--- INFORMATION SHOWN ---
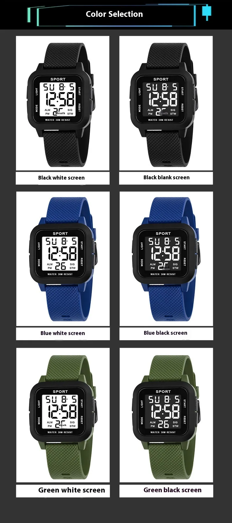 Color: Black Screen, Blue Screen, Green Screen, Watch Box, Bracelet
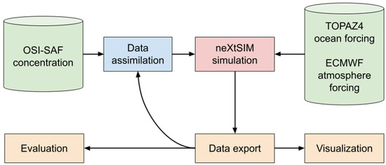 neXtSIM-F is a fully Lagrangian sea ice model being developed at NERSC [30]. The model runs on an adaptive triangular mesh with an average side length of 10 km (with the distance from each point to the opposite side being about 7.5 km) and is interpolated to a regular 3 km grid for distribution [27]. The overall scheme of the model, including information on forcing and data assimilation, is depicted in Figure 2. SIC data are assimilated as a weighted average of the Advanced Microwave Scanning Radiometer 2 (AMSR2) and Special Sensor Microwave Imager/Sounder (SSMIS) products as described in Williams et al. (2021) [27]. The model was initialised in October 2018 using SIT from the merged CryoSat-2 and Soil Moisture and Ocean Salinity (CS2SMOS) product from AWI [31].
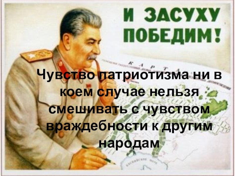 Слайд 10Чувство патриотизма ни в коем случае нельзя смешивать с чувством враждебности
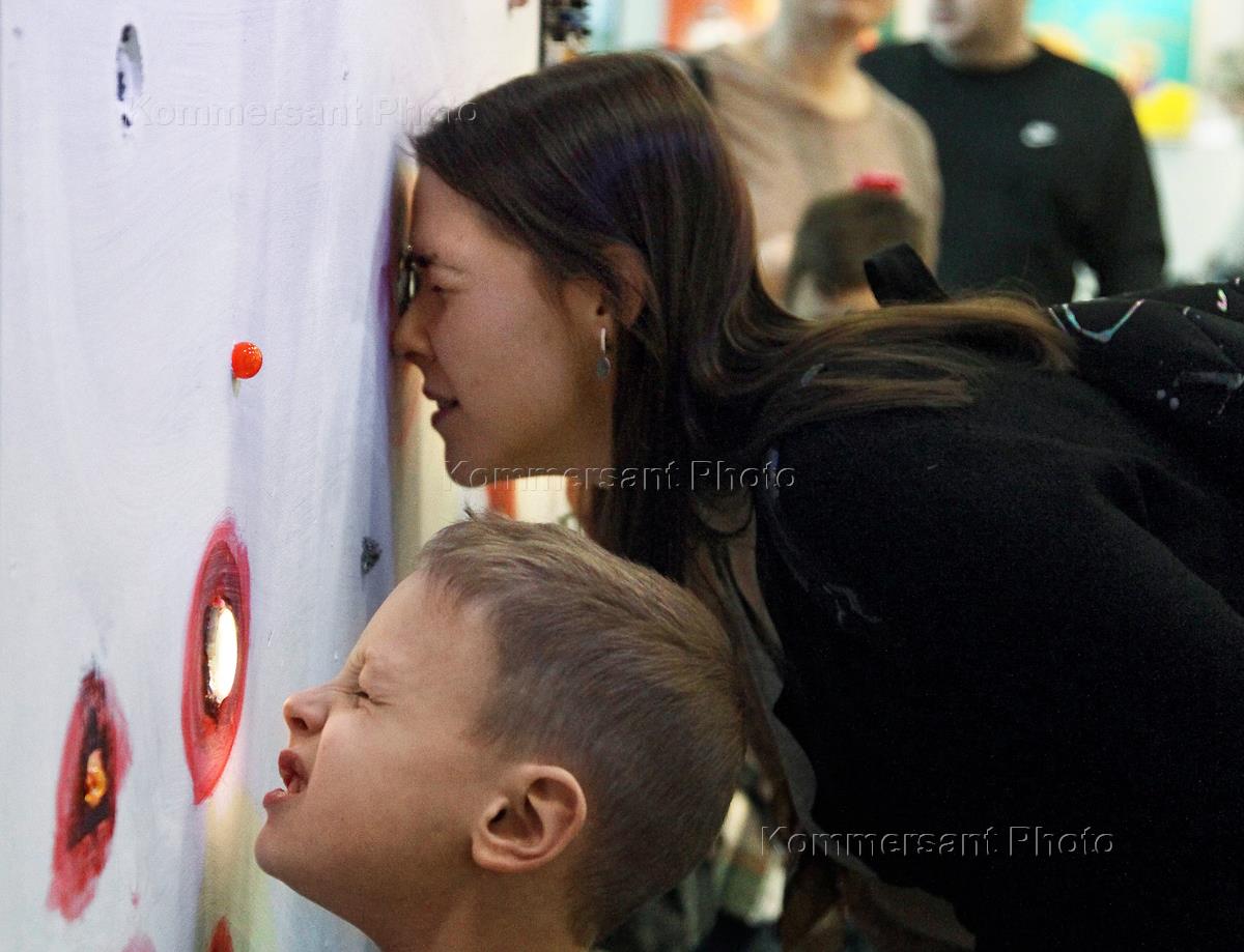 Международная выставка искусств "Арт-мир". Посетители смотрят внутрь инсталляции "Кибер изба".
---
PROBLEM DESCRIPTION> What is needed is an exact repetition of every line from the line with "neXtSIM-F is a" to the end of the data above, both ends included, with no pictures.

WRITTEN RESPONSE>
 neXtSIM-F is a fully Lagrangian sea ice model being developed at NERSC [30]. The model runs on an adaptive triangular mesh with an average side length of 10 km (with the distance from each point to the opposite side being about 7.5 km) and is interpolated to a regular 3 km grid for distribution [27]. The overall scheme of the model, including information on forcing and data assimilation, is depicted in Figure 2. SIC data are assimilated as a weighted average of the Advanced Microwave Scanning Radiometer 2 (AMSR2) and Special Sensor Microwave Imager/Sounder (SSMIS) products as described in Williams et al. (2021) [27]. The model was initialised in October 2018 using SIT from the merged CryoSat-2 and Soil Moisture and Ocean Salinity (CS2SMOS) product from AWI [31].
 Слайд 10Чувство патриотизма ни в коем случае нельзя смешивать с чувством враждебности
 Международная выставка искусств "Арт-мир". Посетители смотрят внутрь инсталляции "Кибер изба".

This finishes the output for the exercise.